### YOUR ASSIGNMENT
With pictures left out, output exactly the lines of the listing below from the line that has "Recording accurate biological" to the line that has "活动活动伊始,姚虎老师通过询", both lines kept.

-- PROVIDED DATA follows --

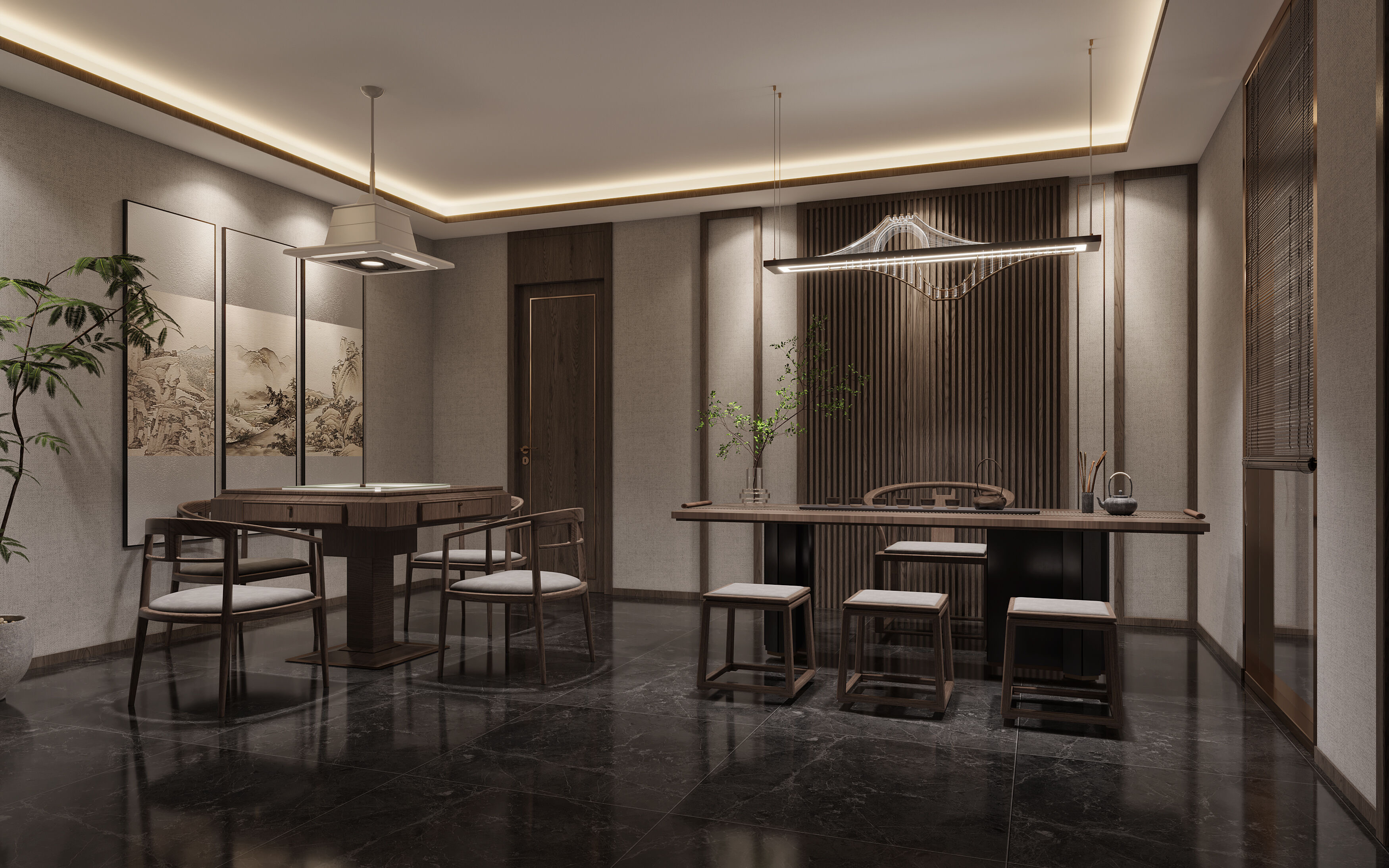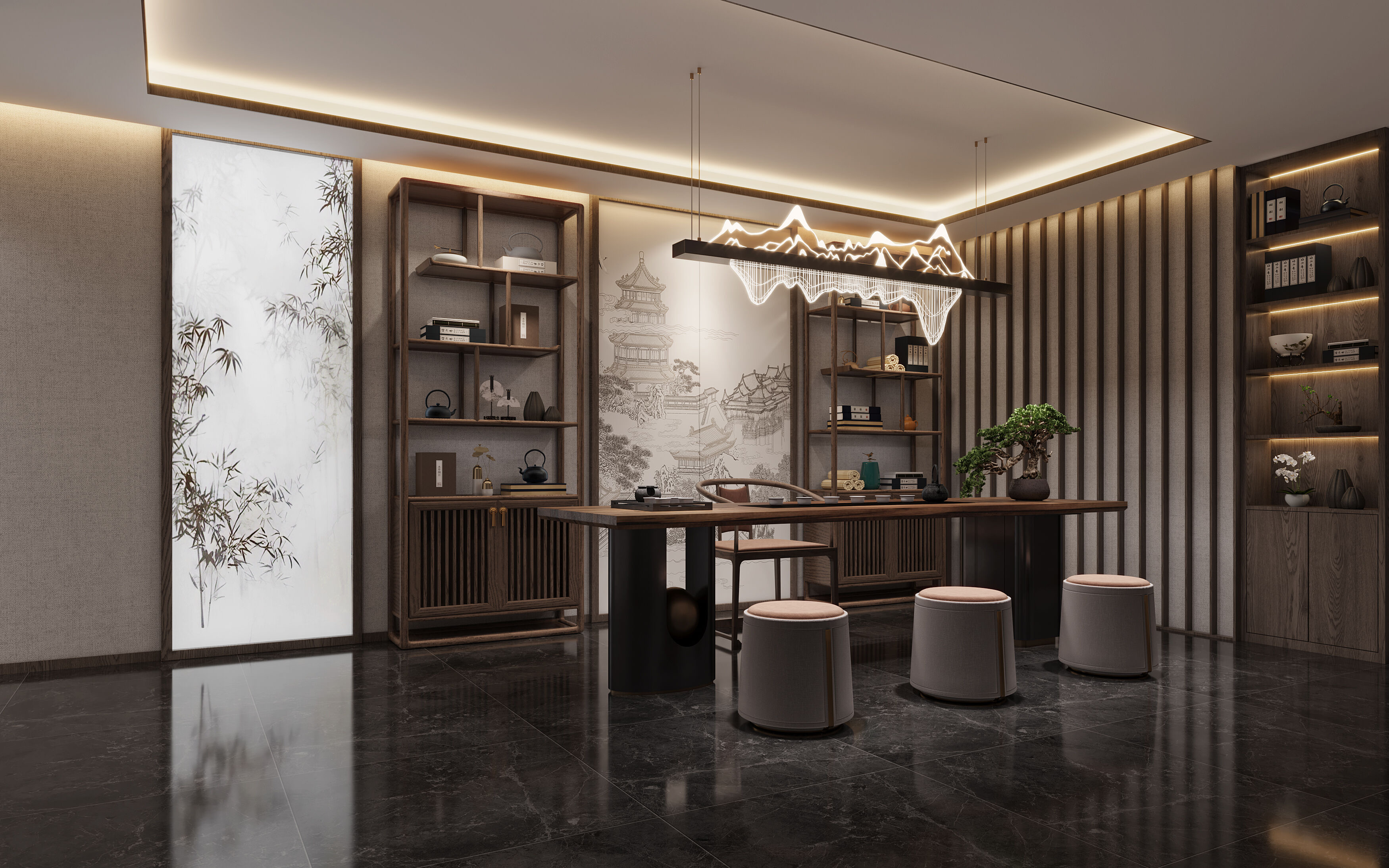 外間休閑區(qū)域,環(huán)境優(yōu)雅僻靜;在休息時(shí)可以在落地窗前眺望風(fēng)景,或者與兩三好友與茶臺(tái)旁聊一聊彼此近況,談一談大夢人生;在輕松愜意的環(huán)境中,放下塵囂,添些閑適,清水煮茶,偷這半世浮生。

-- PROVIDED DATA concluded --
-- PROVIDED DATA follows --

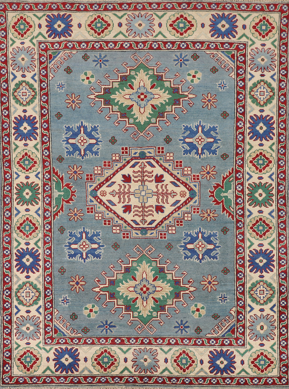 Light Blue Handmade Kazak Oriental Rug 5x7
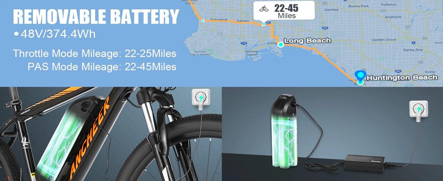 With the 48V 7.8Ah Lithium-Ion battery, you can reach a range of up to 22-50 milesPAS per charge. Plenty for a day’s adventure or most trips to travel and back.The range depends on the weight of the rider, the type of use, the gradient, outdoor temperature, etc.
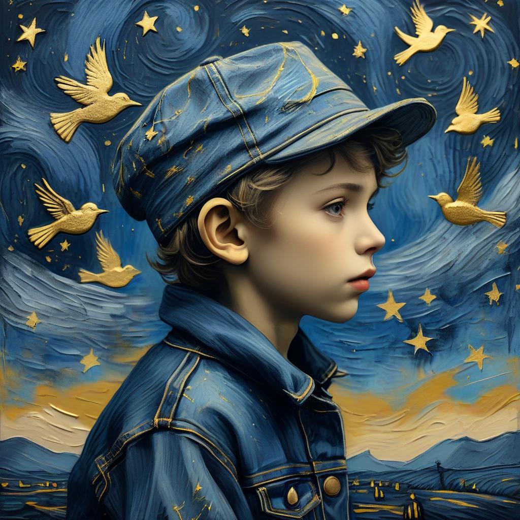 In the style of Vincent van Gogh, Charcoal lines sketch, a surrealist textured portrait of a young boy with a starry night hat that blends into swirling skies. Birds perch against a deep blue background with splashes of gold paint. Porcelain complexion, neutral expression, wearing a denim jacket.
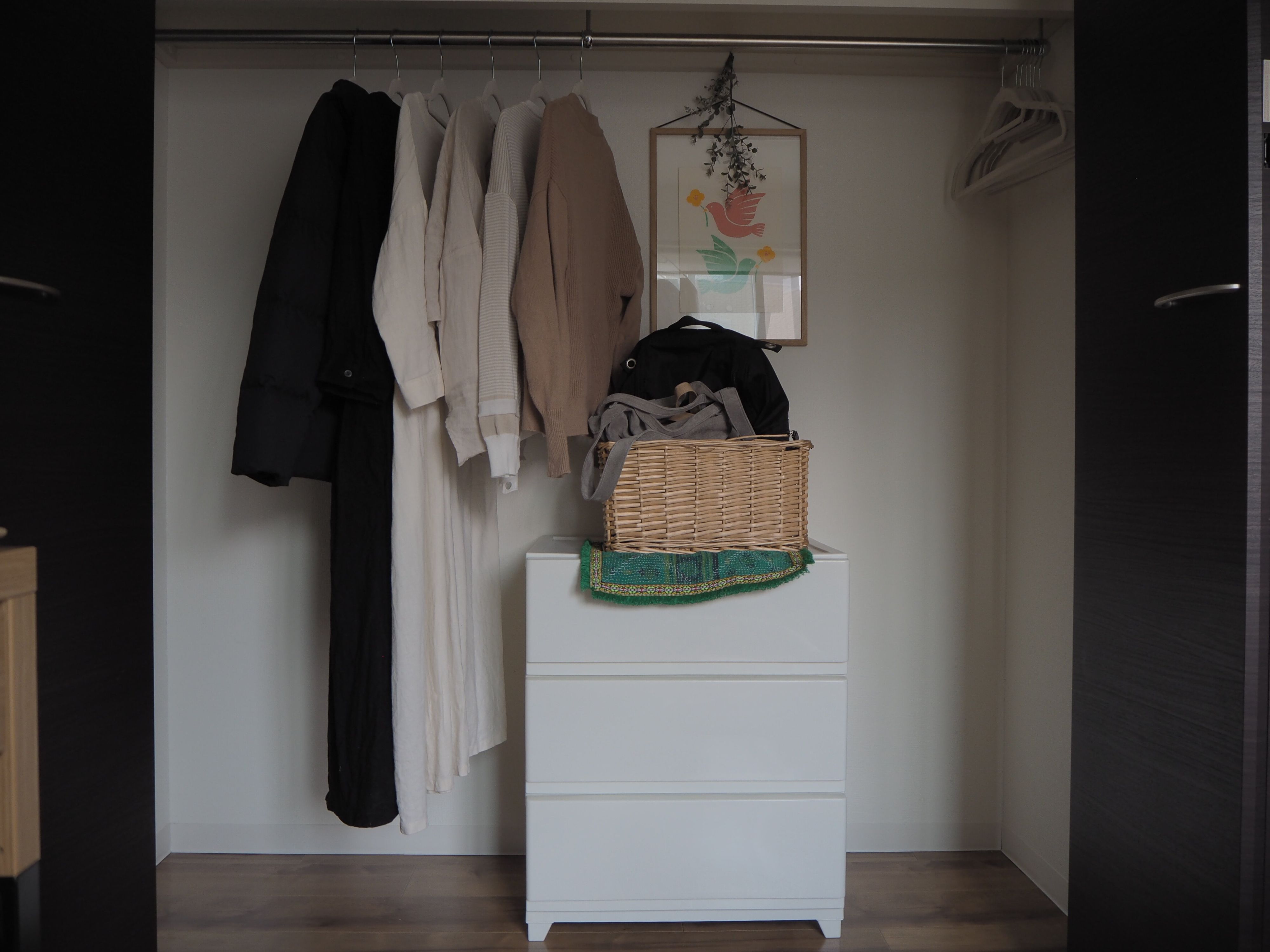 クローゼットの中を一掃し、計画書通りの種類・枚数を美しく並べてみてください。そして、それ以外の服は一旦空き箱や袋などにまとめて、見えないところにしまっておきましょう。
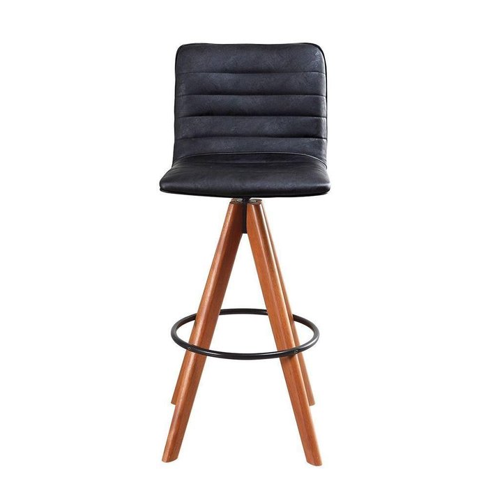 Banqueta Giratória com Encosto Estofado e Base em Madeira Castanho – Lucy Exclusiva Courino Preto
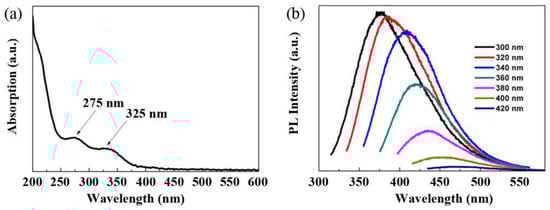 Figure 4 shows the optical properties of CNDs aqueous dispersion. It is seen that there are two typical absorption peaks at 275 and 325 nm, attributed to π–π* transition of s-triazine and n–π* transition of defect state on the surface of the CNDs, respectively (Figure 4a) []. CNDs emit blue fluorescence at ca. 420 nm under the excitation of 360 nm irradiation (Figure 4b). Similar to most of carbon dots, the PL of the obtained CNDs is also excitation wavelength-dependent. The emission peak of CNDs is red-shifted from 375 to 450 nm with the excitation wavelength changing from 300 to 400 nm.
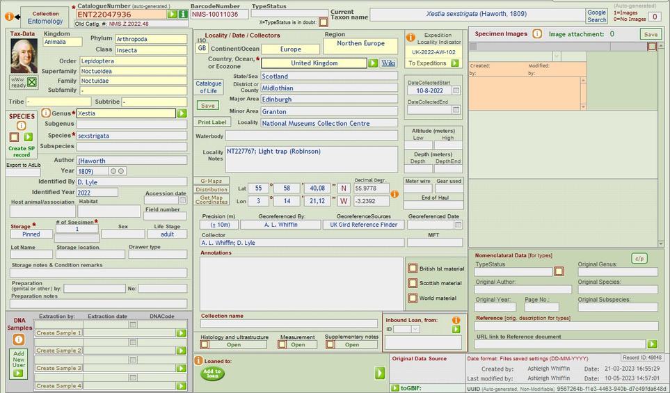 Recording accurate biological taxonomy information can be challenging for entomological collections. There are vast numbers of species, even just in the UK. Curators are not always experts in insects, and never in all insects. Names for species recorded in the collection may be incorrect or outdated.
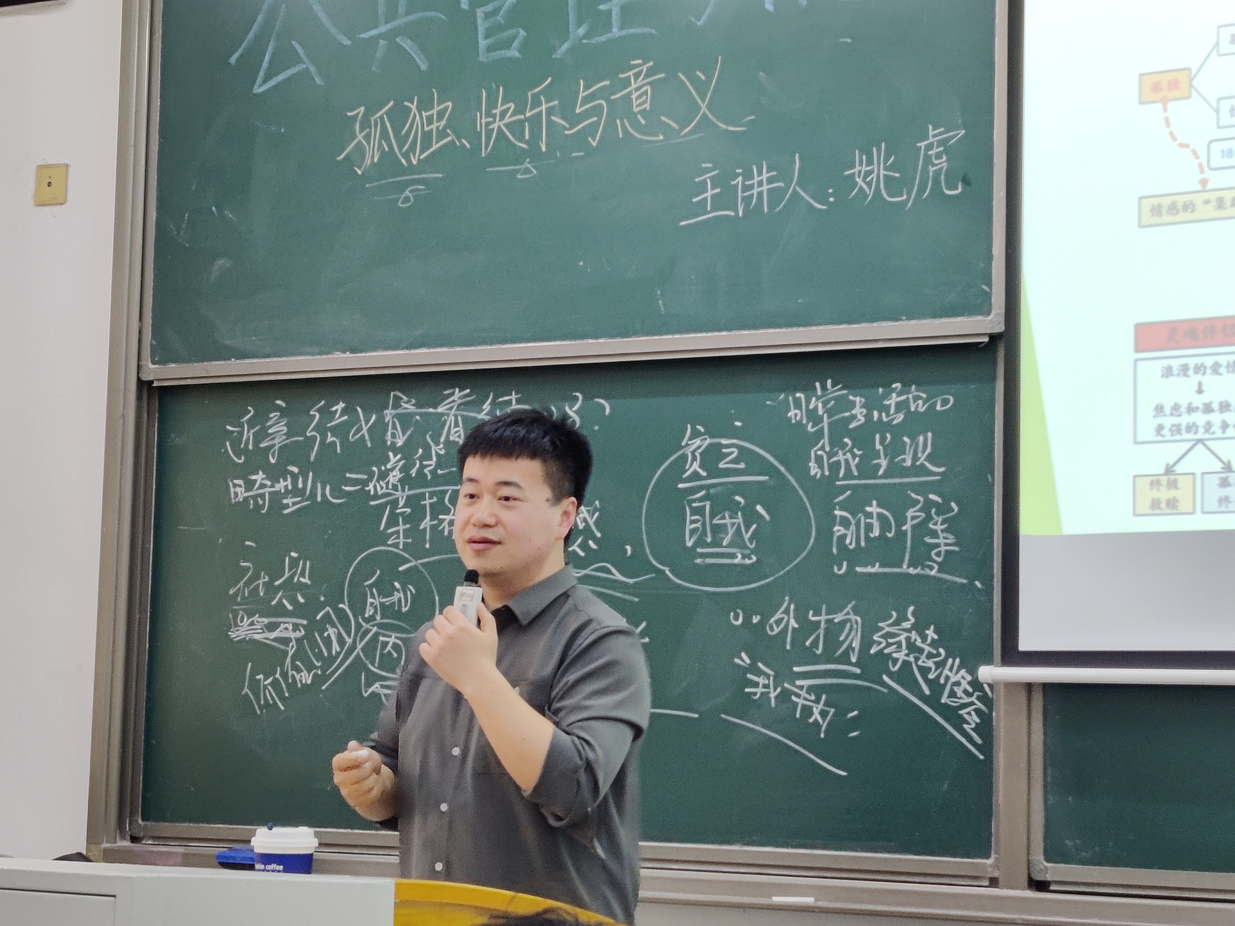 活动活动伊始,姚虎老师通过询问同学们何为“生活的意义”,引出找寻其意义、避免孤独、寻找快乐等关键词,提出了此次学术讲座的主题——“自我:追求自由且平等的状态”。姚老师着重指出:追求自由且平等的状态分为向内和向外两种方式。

-- PROVIDED DATA concluded --

### COMPLETED EXERCISE
 Recording accurate biological taxonomy information can be challenging for entomological collections. There are vast numbers of species, even just in the UK. Curators are not always experts in insects, and never in all insects. Names for species recorded in the collection may be incorrect or outdated.
 活动活动伊始,姚虎老师通过询问同学们何为“生活的意义”,引出找寻其意义、避免孤独、寻找快乐等关键词,提出了此次学术讲座的主题——“自我:追求自由且平等的状态”。姚老师着重指出:追求自由且平等的状态分为向内和向外两种方式。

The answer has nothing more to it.